Expression of dendritic cells in ovarian tumors correlates with clinical outcome in patients with ovarian cancer

Dendritic cells (DCs) are the most potent antigen-presenting cells and are thought to reflect the interaction between the host immune system and tumor cells. In a retrospective study, we analyzed the presence of DCs and memory lymphocytes in tumor biopsy specimens of 18 patients with ovarian cancer. These patients were followed up for 10 to 37 months. Within this period, 9 patients had no evidence of disease (NED, group A), and 9 patients had recurrence (group B). In group A, 5 cases were stage III, 1 was stage I, and 1 was stage II. In group B, 5 cases were stage III, 1 was stage III-IV, and 3 were stage IV. Our results show that the mean number of cells expressing the DC phenotype, HLA-DR⁺ CD1a⁺, in tumor biopsies was substantially higher in group A than in group B (HLA-DR⁺: 37.8 ± 18.2 ν 10.7 ± 2.2, respectively; P < .005; CD1a⁺: 9.5 ± 11.3 ν 2.1 ± 3.7).
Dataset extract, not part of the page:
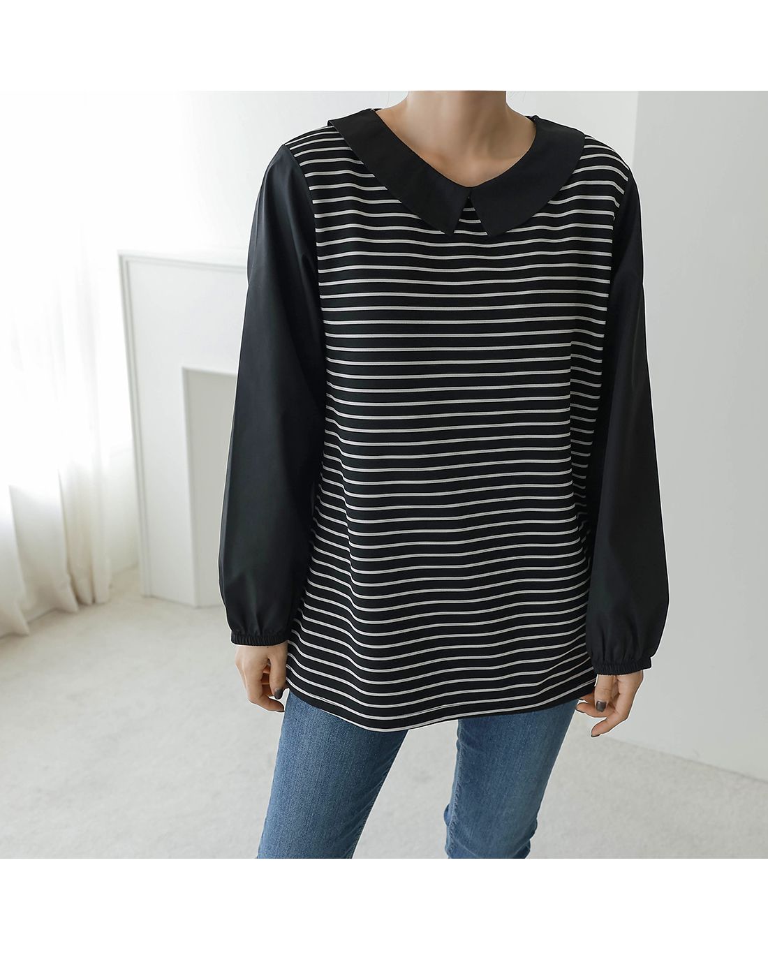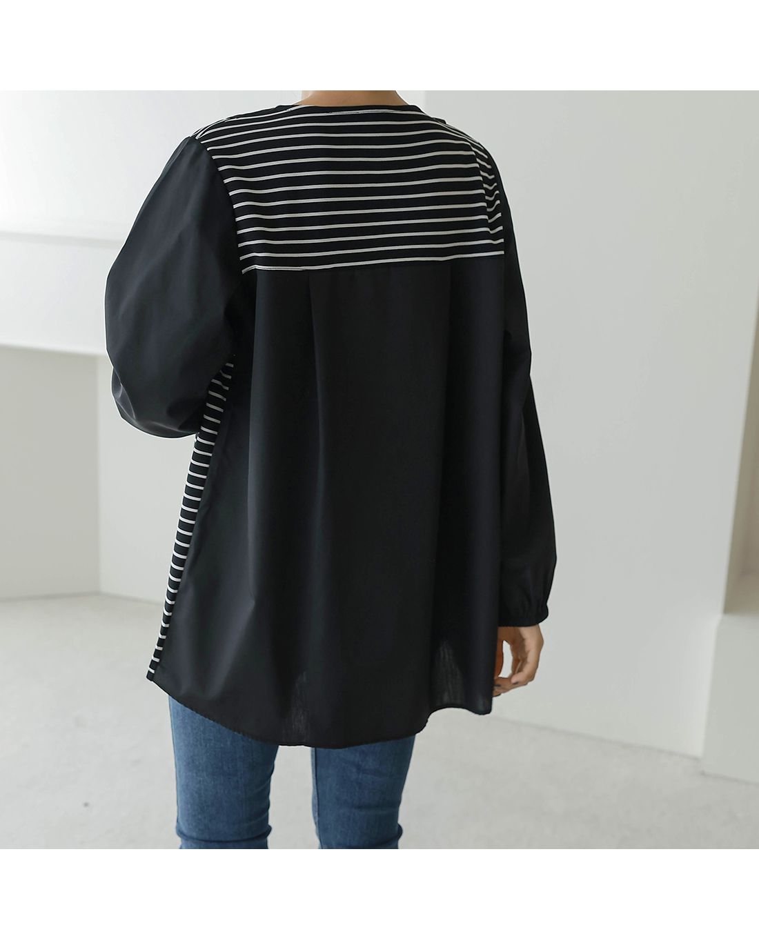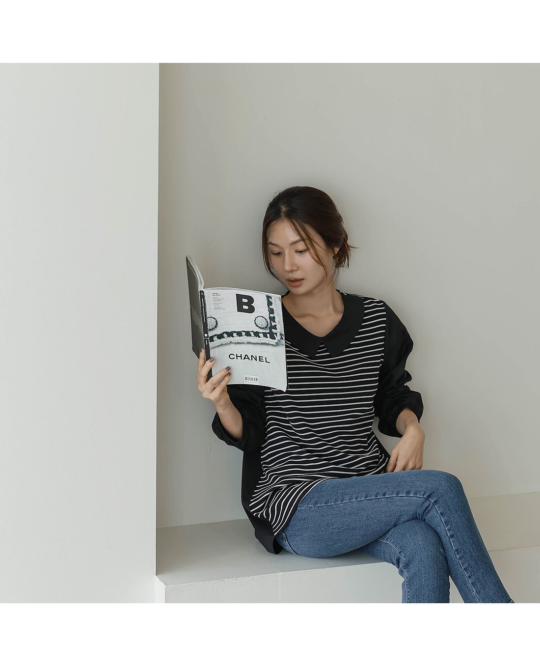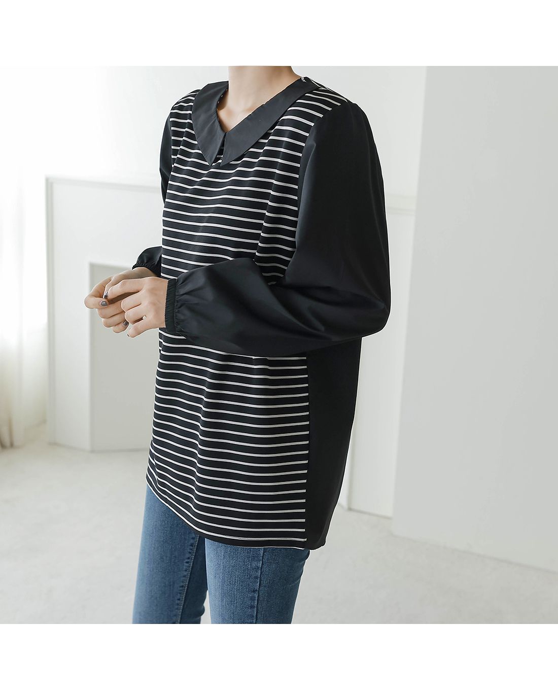 【C55650】韓國BLG 條紋傘狀上衣-雙材質拼接V領寬鬆長版領片長袖★★

On the other hand, the number of cells expressing the DC phenotype S-100 protein was substantially lower in group A than in group B (S-100⁺: 9.7 ± 9.9 ν 16.2 ± 12.7), although the difference was not statistically significant. There was no difference in the number of tumor-infiltrating CD45RO⁺ cells between groups A and B (CD45RO⁺: 39.1 ± 28.5 ν 34.2 ± 19.1). Our results show that the presence of relatively high numbers of defined DC subpopulations may have prognostic value in ovarian tumors.